Problems come in all shapes and sizes. I've been involved in all kinds of investigations, from those dealing with something as mundane a chronic lack of hot water in a shower facility, to something as critical as a software error that caused non-conservative miscalculations of reactor operating limits. I've even been involved in a fairly significant event before, which my "friends" keep reminding me about even though such remembrances cause me great pain and embarrassment. Sometimes, though, an event comes along that really drives home the value of doing a thorough incident investigation and root cause analysis.
It's actually kind of surprising to see how a major event evolves, even when you're expecting to find problems. Sometimes, you find one big problem that clearly led to a significant consequence. Other times, there are many smaller problems of only moderate consequence individually, that combine to create a huge issue. I personally find that it is these types of events that maximize the learning potential for an organization, because they tend to shine a spot-light on cross-cutting issues that are contributing to problems everyday.
I was recently involved in an investigation on just such an issue. The actual consequence was pretty serious; the potential consequence was very serious, from a financial standpoint. In the end, there was no single magic bullet that caused the problem, but many smaller issues scattered throughout the organization like buckshot. I'm not going to provide any details about the event, but I did want to share the following, which I included in the final report as an "evaluator comment" -- this has been modified to remove any specific details.

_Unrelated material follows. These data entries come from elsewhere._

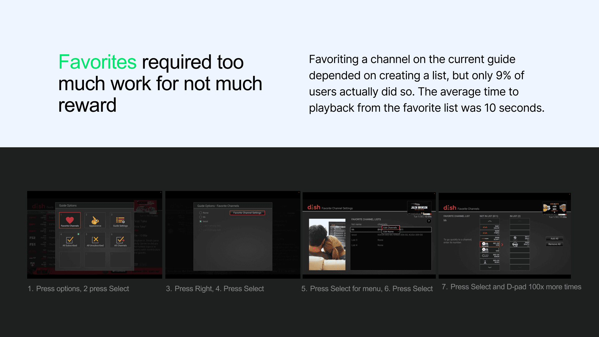 Favorites emerged as a high value but underutilized feature. Users navigated favorites in three distinct ways. Memorization, writing channel lists on paper, or manually curating favorites through a settings menu. The friction was too high for the perceived reward. In response, I moved Favorites out of settings and placed them front and center in the guide, paired with an immediate filter. This change dramatically reduced effort and increased engagement.
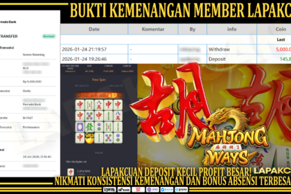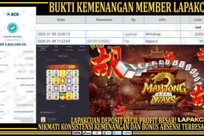 Lapakcuan – Hari ini menjadi momen yang sangat istimewa bagi para pemain LAPAKCUAN, khususnya penggemar game populer Mahjong Ways dari PG Soft. Banyak pemain berhasil mencatatkan kemenangan terb...
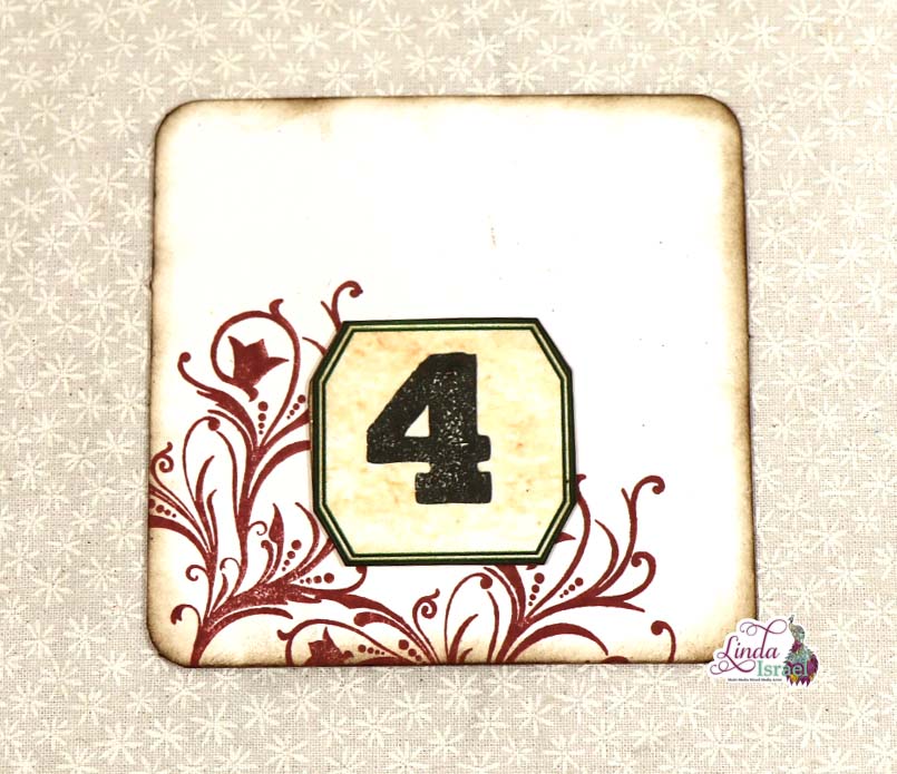 Fourth journal card using a 3 x 3 white journal card, Stamp the Feather Floral Rubber Stamp with Distress Oxide Aged Mahogany in the lower left corner. Round the corners of the journal card with the Corner Chomper and apply distress ink, walnut stain around the edges Next, Layer the Number 4 from A Christmas Dream Creative Box

It is very easy to look back on this event, with the laser-like precision of 20/15 hindsight, and pick out all the flaws that occurred over time. This is fine, because the goal of this investigation is learning and continuous improvement. However, it must be recognized that the people involved in this event did not intentionally set out to cause this problem, and did not have knowledge of the future. If their decisions or work practices were deficient in some way, it is because the system allowed these deficiencies to exist.
Every person interviewed for this investigation was very forthcoming with information. There is no instance where the lead investigator believed an interviewee was being dishonest or deceitful. In fact, the great majority of the interviewees displayed a desire to learn from this event, and were actively engaged in their interviews. However, there was a sense among most interviewees that this event, while unfortunate and painful, was a fluke. "We've done this job hundreds, if not thousands of times before, and never had a problem like this." Along with this idea, there was a sense of detachment from the ownership of the adverse consequence. "I did everything I could do. If only..."

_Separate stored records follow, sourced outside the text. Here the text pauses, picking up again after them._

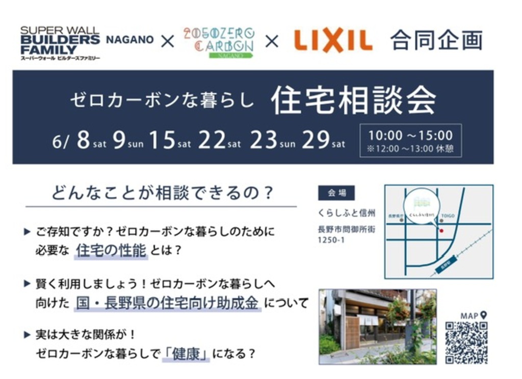 情報発信拠点「くらしふと信州」でゼロカーボンな暮らし「住宅相談会」を開催します。
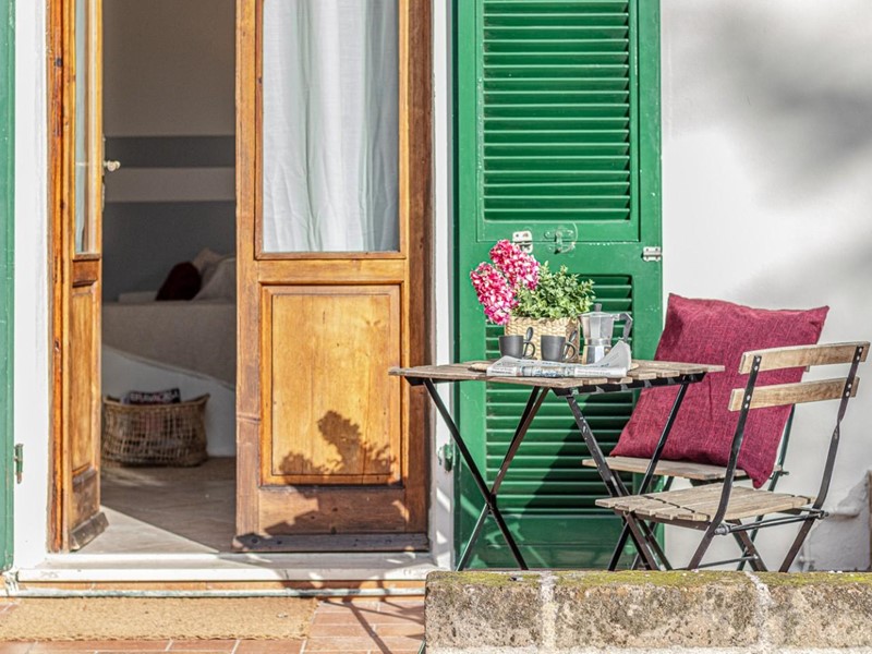 Gli infissi originali in legno, le porte rinnovate, le pareti appena ritinteggiate con colori contemporanei e il pavimento in gres creano un
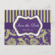 Postale Faire-part Carte de sauvegarde de date en damas violet, blanc
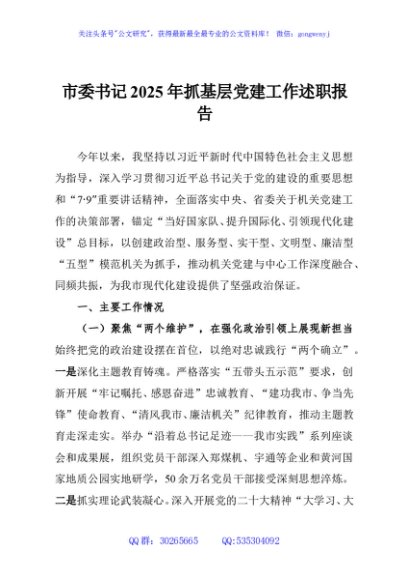 2025年度市国有企业党委书记抓基层党建工作述职报告
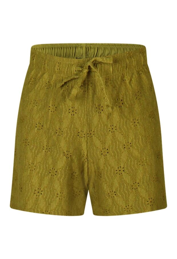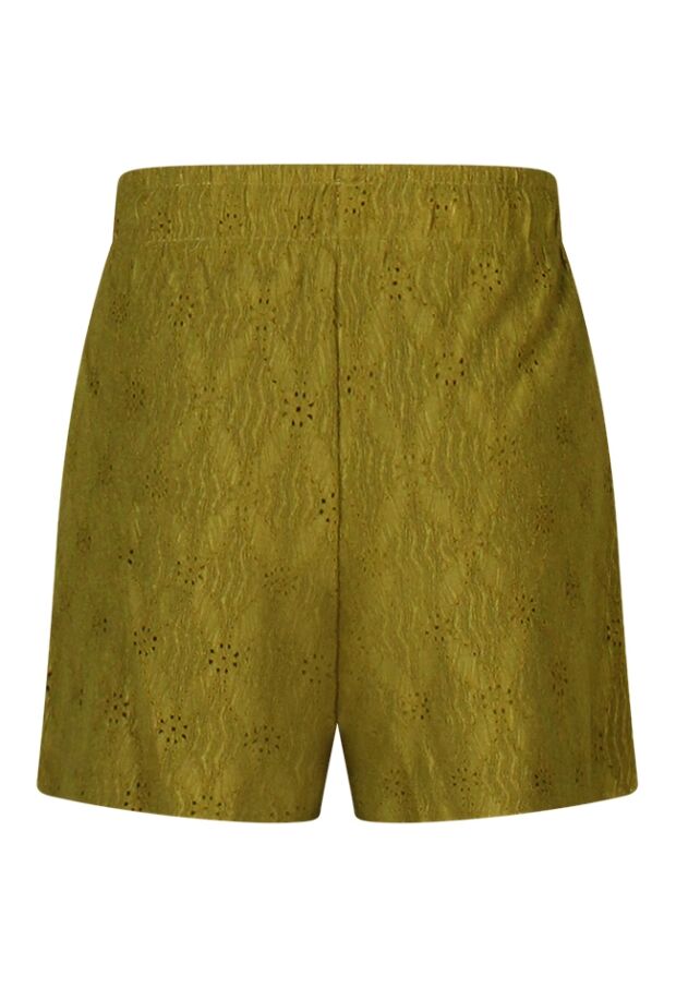 Dit leuke zomerse ajour korte broekje met binnen broekje heeft een comfortabele elastische tailleband met koord. Ontzettend leuk te combineren met het bijbehorende shirt met art.nr. Z90421

The corrective action plan issued by this investigation report will only make a difference if we can get past the sentiments expressed above. There is a real danger of pigeon-holing this event as "a project management problem", "a contractor problem", or "a procedure adherence problem". In fact, it is all of these, but it is much more; it is a clear indicator that our current way of doing business - our systems, our processes, and our culture - is capable of producing extremely significant and painful events. It will go on doing so until we correct these fundamental problems.
I wanted to share this (via my blog) for a couple of reasons. First, I think it provides a pretty good summary of the kind of mind-set you need as a root cause investigator. In particular, you have got to realize that people make the decisions they do for what seem to be good reasons at the time... and they're making these decisions without the benefit of knowing what's about to happen. Second, it shows how people involved in an event can actively acknowledge that what happened was a problem, and even accept that they were a part of it, but still not grasp that there was anything they could have done differently. In fact, from their viewpoint, the actions they took might have been the right, accepted actions within the context of the organization that they experience everyday.
This leads me to the final point I wanted to make... that in performing any kind of problem investigation, you've got to question the system itself: its rules, its beliefs, its processes, and its norms of behaviour. Your goal is not to optimize the system! While it may sometimes be possible to make limited changes within the system, you will find cases where more drastic measures are needed. Your goal is to find the system's flaws and eradicate them, even if that means making significant changes. The risk of not doing so may be unacceptable.
by Bill Wilson